Journal of the North Carolina Annual Conference,Volumes 52-57 By Methodist Episcopal Church, South. North Carolina Conference

Sunday, March 1, 2015

Finlaysons of Mt. Olive


Murdoch Uriah Finlayson was the son of Daniel and Charity Finlayson, Daniel being the first of my family's line to come to America. There is an interesting link that locates Murdoch Finlayson in the 1850's in Wayne County - specifically in the small, growing township of Mount Olive, NC.  Lower Wayne County's major industry was turpentine.  Murdoch was not only a merchant, but listed among the five turpentine distillers in the area.


Lower Mt. Olive was known for it's brandies, ciders and liquors. 
"Spirits were a part of the life of most citizens, including ministers.

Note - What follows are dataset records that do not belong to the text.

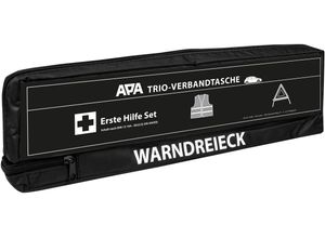 Kategorie: Erste Hilfe - Flexeo - GTIN:4260520774874 - ? 4 - HALTBAR: Alle sterilen Inhaltsteile unserer Tasche sind 4 bis haltbar. Bei der Auswahl der Materialien haben wir stets auf die höchste Qualität geachtet, wodurch die Inhaltsteile auch gegen Ende der Haltbarkeit noch eine optimale Qualität aufweisen. Nach dem Ablauf des Haltbarkeitsdatums kann der Inhalt durch ein kostengünstiges Nachfüllset ausgetauscht werden. Den Koffer können Sie weiterhin verwenden, was auch der Umwelt zugutekommt. ? INHALT NACH DIN 13164: Unsere KFZ-Verbandtasche entspricht selbstverständlich der aktuellen DIN 13164 und erfüllt somit alle Richtlinien und Pflichten für Autos aller Art. Dieser Verbandskasten / Erste Hilfe Kasten darf in keinem Auto fehlen. ? INKLUSIVE ANLEITUNG: Wenn es schnell gehen muss, erinnern sich leider die wenigsten an den Ersthelferkurs, welcher bereits teilweise mehrere Jahre lang zurück liegt. Aus diesem Grund haben wir uns besonders viel Mühe gegeben, eine übersichtliche und informative Anleitung zu erstellen. So weiß jeder auch im Notfall was zu tun ist. Deutsch ist nicht Ihre Muttersprache? Einfach den QR-Code auf der Anleitung scannen und die Anleitung in vielen Sprachen finden! ? PRAKTISCHE GRöSSE: Auch wir wissen, wie eng es in einem Auto werden kann. Daher haben wir unseren Erste Hilfe Kasten / Verbandskasten / Verbandkasten / Verbandtasche / Verbandstasche so klein wie möglich gestaltet. Dadurch kann er in der kleinsten Ecke verstaut werden und ist ... Diese APA TRIO-Verbandstasche ist eine praktische Komplettlösung mit Warndreieck und Warnweste. ![]() KFZ-Verbandtasche APA 'TRIO-Verbandstasche mit Warndreieck und Warnweste', schwarz, B:44cm H:8cm L:13cm, Nylon, Erste-Hilfe-Sets
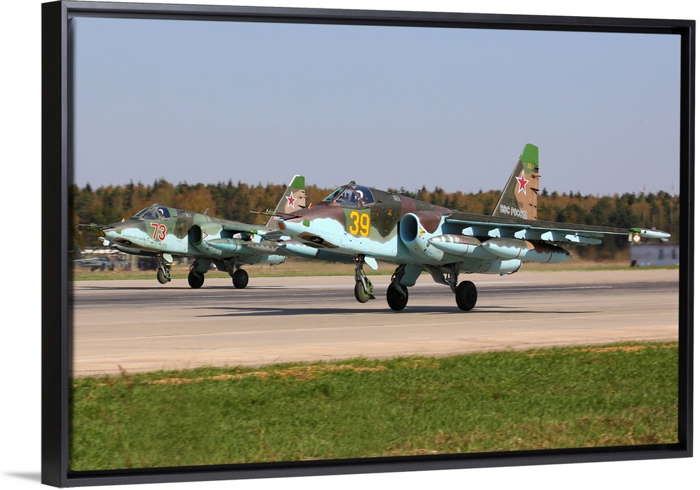 <p>Pair of Su-25 attack aircraft of the Russian Air Force landing.</p>
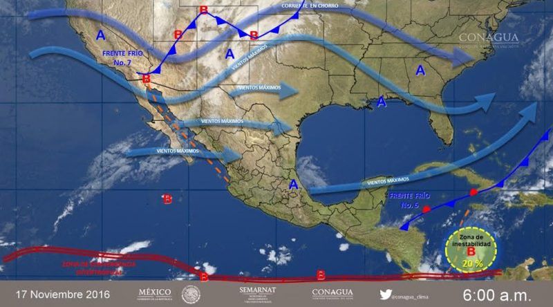 Derivado de una zona de inestabilidad ubicada en el sureste de México y al Frente Frío Número 7, que se aproxima al noroeste del país y se espera que comience a afectar al estado el próximo fin de semana, habrá bajas temperaturas y probabilidad de lluvias ligeras informó el director general de la Coordinación Estatal de Protección Civil, Jorge Roberto Farfán González.
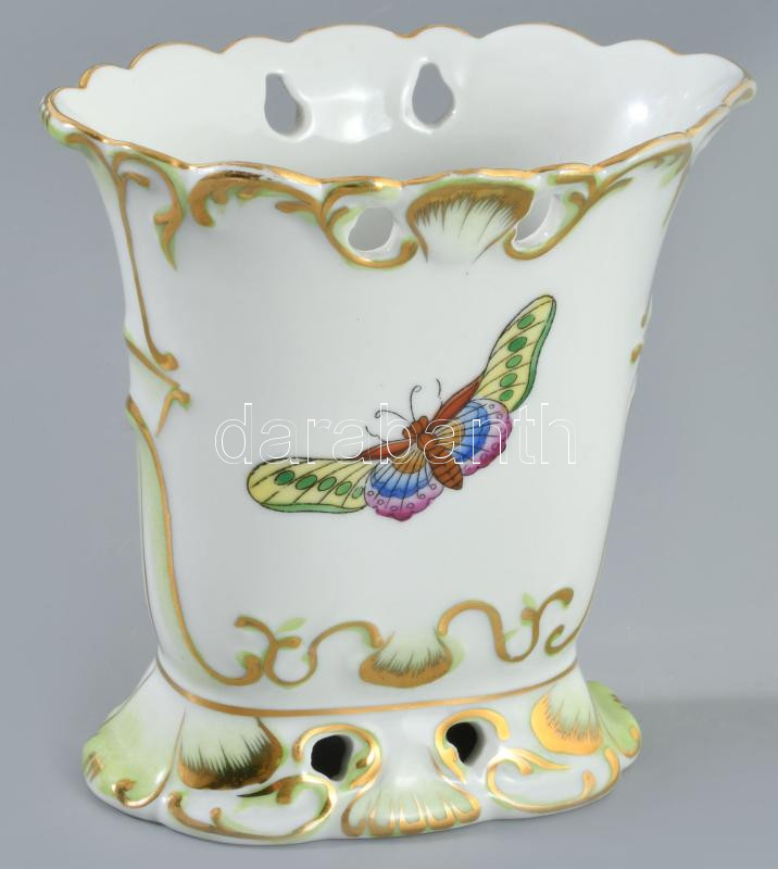 Herendi Viktória mintás laposváza, jelzett, kis kopással, m: 11,5 cm
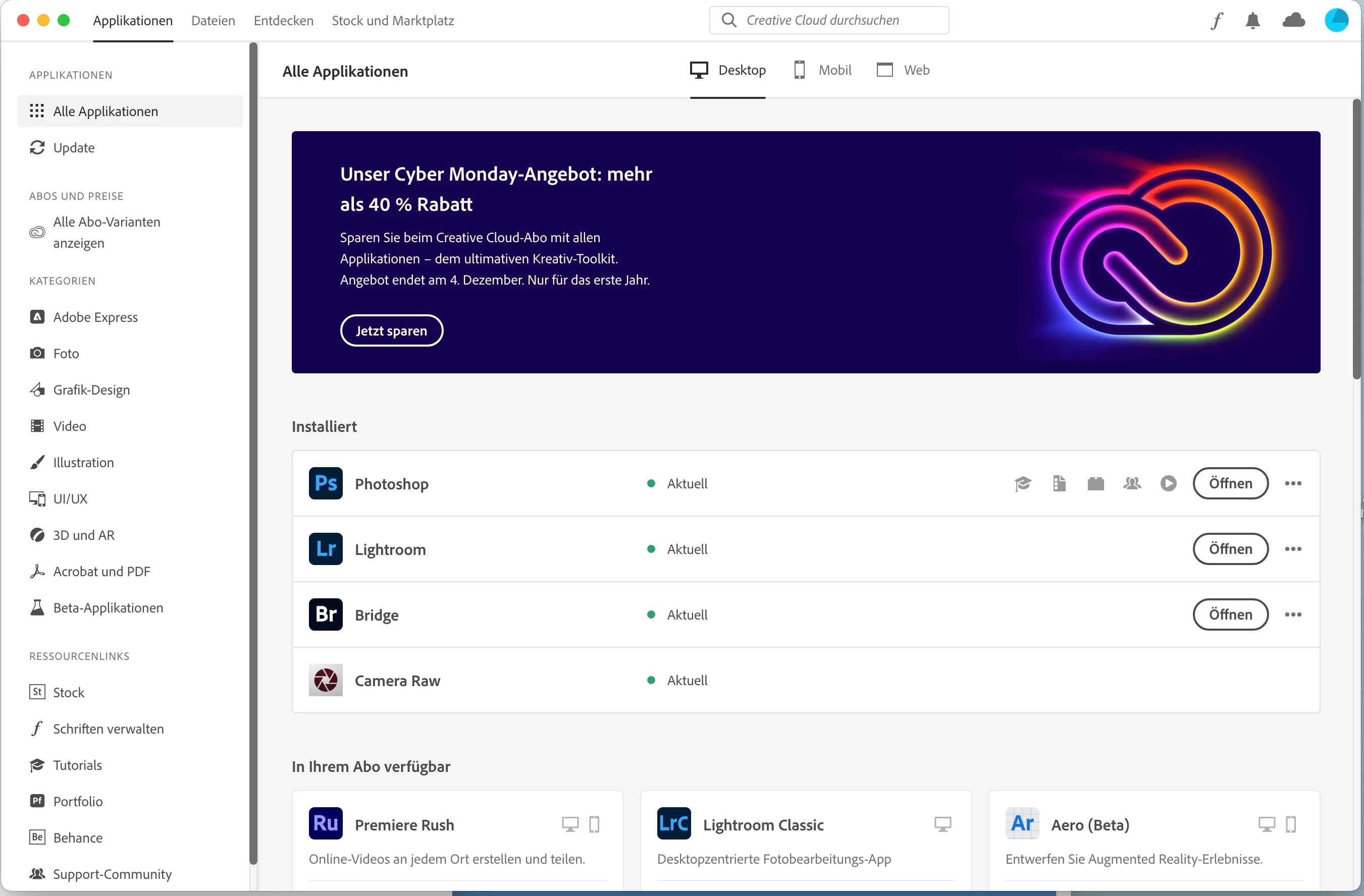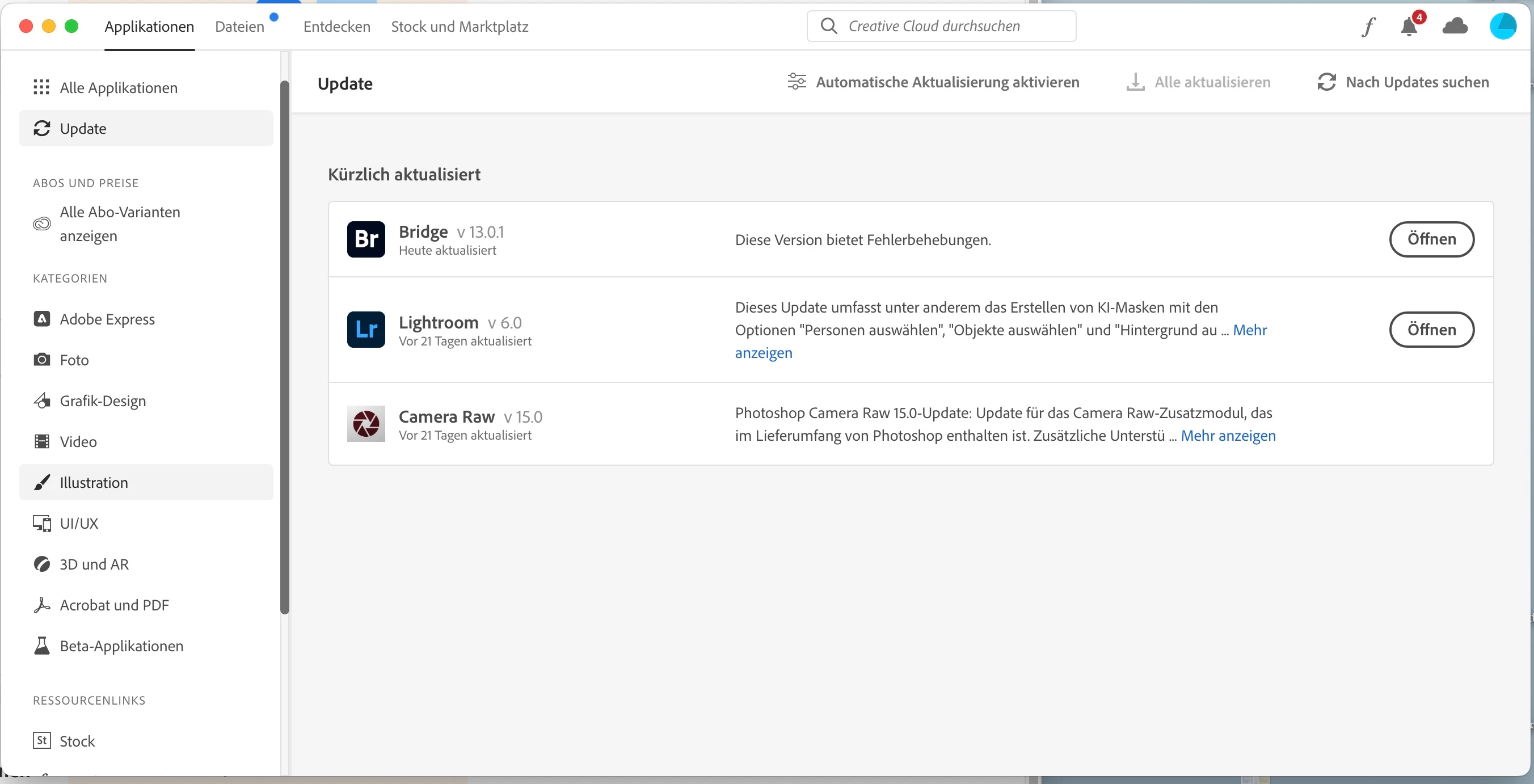 Gehe mal von "Update" auf "Alle Applikationen" (links).
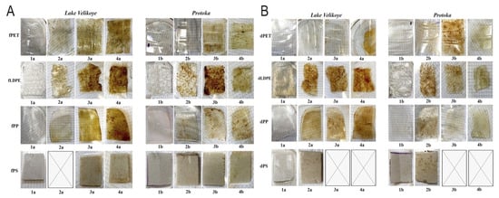 Photos of the fouling of different plastic substrates exposed on the surface (A) and 1 m deep (B) (horizon 1a, 1b—7 July; 2a, 2b—14 July; 3a, 3b—20 July; 4a, 4b—25 July).
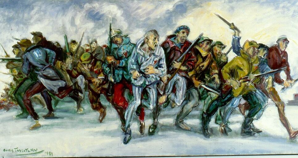 Uppror i Buchenwald 11 april 1945. Oljemålning av franske konstnären Boris Taslitzky, som själv var fånge i lägret.
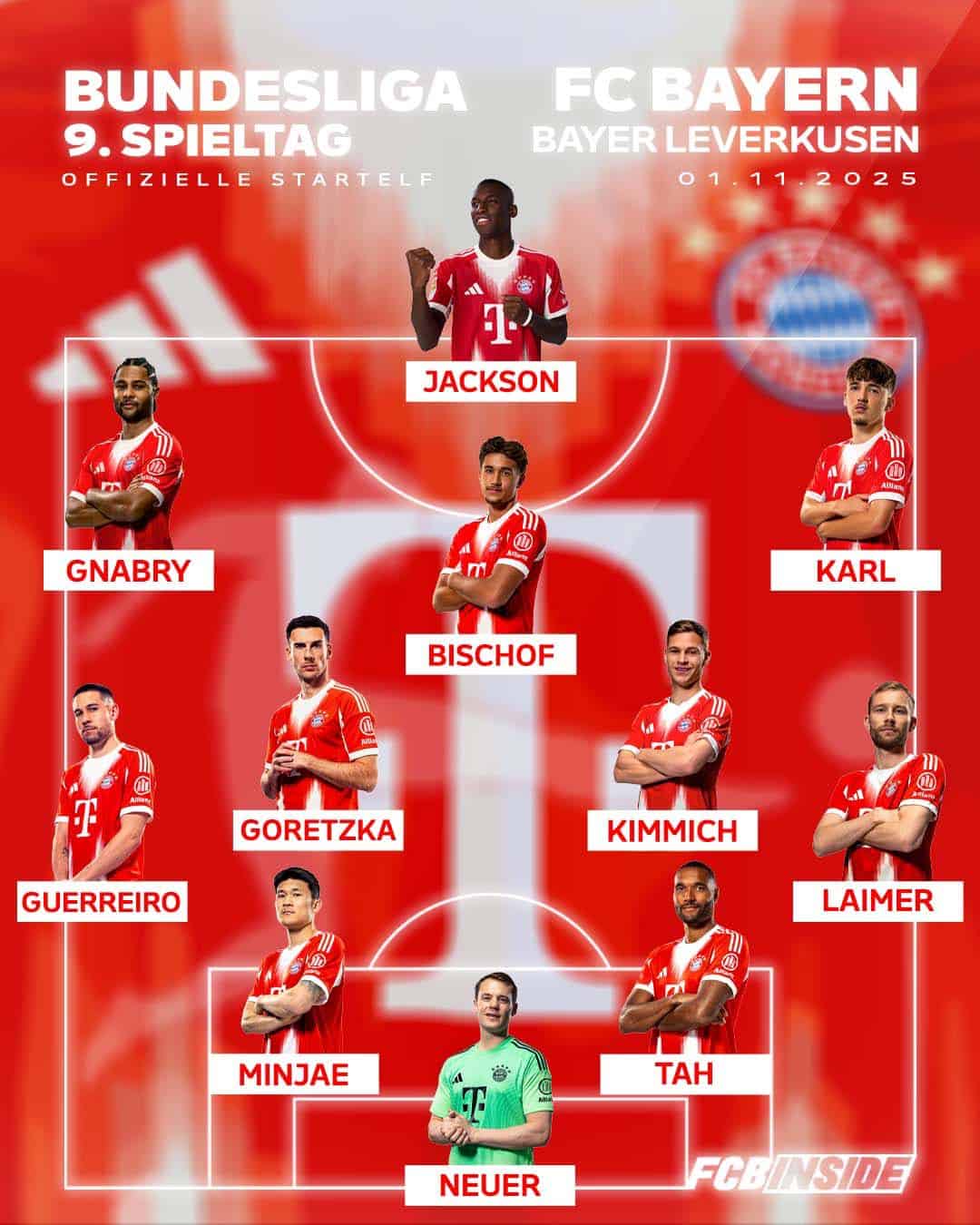 Im defensiven Mittelfeld beginnen Joshua Kimmich und Leon Goretzka. Das offensive Trio bilden Serge Gnabry, Tom Bischof und Lennart Karl. Im Sturm beginnt Nicolas Jackson.

A.J. Finlayson, a prominent Methodist preacher in Goldsboro, was previously the owner of a tavern." Rev. A.J. Finlayson was also a son of Daniel and Charity Finlayson, an older brother of Murdoch Uriah Finlayson.

Murdoch Uriah and his brother Angus Joseph fought on the side of the Confederacy.  After the war, Murdoch is found advertising Boots and Shoes in the 1871 Wilmington, NC business directory. By 1880. he had already settled in Cheraw, SC.  By 1881, AJ is dead and buried in Wayne County, but AJ's son Deems Finlayson is located in Cheraw, living close to his Uncle Murdoch.  At one point, 'Cousin Deems'  (Henry Dennis Finlayson) was a neighbor of my grandfather Burruss Finlayson (Mudoch's youngest son).